GOAL OF THE EXERCISE>
Your answer should be only the lines below from the one with "Si bajamos un" to the one with "Industrial diesel engine", repeated exactly, ends included.

DATA FOR THE TASK>
________________________
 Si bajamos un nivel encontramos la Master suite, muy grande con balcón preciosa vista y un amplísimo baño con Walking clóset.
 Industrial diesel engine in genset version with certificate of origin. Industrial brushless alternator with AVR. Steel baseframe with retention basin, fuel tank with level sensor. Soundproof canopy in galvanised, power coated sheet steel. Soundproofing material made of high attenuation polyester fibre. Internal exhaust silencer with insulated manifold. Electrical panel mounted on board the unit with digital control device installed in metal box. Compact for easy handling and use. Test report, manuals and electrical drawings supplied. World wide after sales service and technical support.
________________________
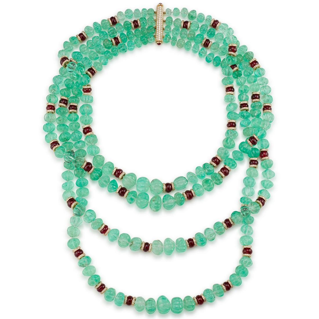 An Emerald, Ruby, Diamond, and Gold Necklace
________________________
ANSWER TO THIS PROBLEM>
 Si bajamos un nivel encontramos la Master suite, muy grande con balcón preciosa vista y un amplísimo baño con Walking clóset.
 Industrial diesel engine in genset version with certificate of origin. Industrial brushless alternator with AVR. Steel baseframe with retention basin, fuel tank with level sensor. Soundproof canopy in galvanised, power coated sheet steel. Soundproofing material made of high attenuation polyester fibre. Internal exhaust silencer with insulated manifold. Electrical panel mounted on board the unit with digital control device installed in metal box. Compact for easy handling and use. Test report, manuals and electrical drawings supplied. World wide after sales service and technical support.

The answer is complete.